Page 1 of 1

Intermediate

Posted: Thu Mar 08, 2018 12:05 am
by William Lan 2l
How do you determine the intermediate?

Re: Intermediate

Posted: Thu Mar 08, 2018 8:44 am
by Nina Gautam 1K
As Lavelle said in class, if there are intermediate steps, he will give us the intermediate species. We don't have enough general chemistry knowledge at this point to come up with it on our own.

Re: Intermediate

Posted: Thu Mar 08, 2018 9:17 am
by Elizabeth Bamishaye 2I
Intermediates are the species that are not in overall reaction. You could find them by viewing a species that is produced then it is consumed.

Re: Intermediate

Posted: Thu Mar 08, 2018 6:58 pm
by Ya Gao
Intermediate can be determined by looking at the separate steps of a reaction. If one molecule is produced in one step and consumed in the following step, then the molecule can be considered an intermediate.

Re: Intermediate

Posted: Thu Mar 08, 2018 7:17 pm
by Swetha Sundaram 1E
Right so when you compare them in separate reactions, we essentially cancel them out which is why they are not shown in the final reaction equation.

Re: Intermediate

Posted: Thu Mar 08, 2018 7:47 pm
by Sohini Halder 1G
Intermediates are FORMED and then CONSUMED within the steps of elementary reactions.
Catalysts are present from the beginning and are not consumed in the reaction; this is why only a little bit of catalyst is needed to increase the rate of a specific reaction.

Re: Intermediate

Posted: Thu Mar 08, 2018 8:03 pm
by Ashley Macabasco 2K
Intermediates are formed in one step and the consumed in the next, so the intermediate will be the species that is present in the steps but not present in the final equation.

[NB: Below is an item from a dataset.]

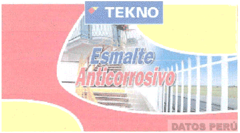 La etiqueta rectangular dividida en cuatro partes de tamaño y forma diversa por unas líneas de forma irregular, consignándose en su parte superior central un rectángulo conteniendo la denominación TEKNO escrita en letras características y el diseño estilizado de un diamante, configurado por la conjunción de un rectángulo, un cuadrado y un triángulo; en su parte central se consigna la denominación ESMALTE ANTICORROSIVO escrita en letras características sobreponiéndose al diseño de una escalera, rejas, baranda de balcón y objetos diversos, en los colores amarillo, rojo, blanco, azul, celeste, negro, gris, verde; conforme al modelo adjunto
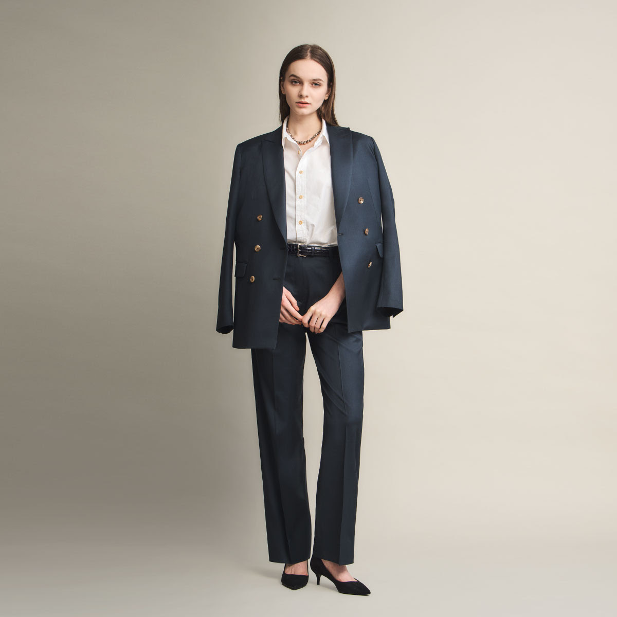 細部まで調整されたシルエットは、ラグジュアリーな素材と相まって、あなたを最も美しく、そして知的に見せる「正解」の一着へと昇華されます。

Re: Intermediate  [ENDORSED]

Posted: Sat Mar 10, 2018 5:50 pm
by Garret G 2F
Sohini Halder 1G wrote:Intermediates are FORMED and then CONSUMED within the steps of elementary reactions.
Catalysts are present from the beginning and are not consumed in the reaction; this is why only a little bit of catalyst is needed to increase the rate of a specific reaction.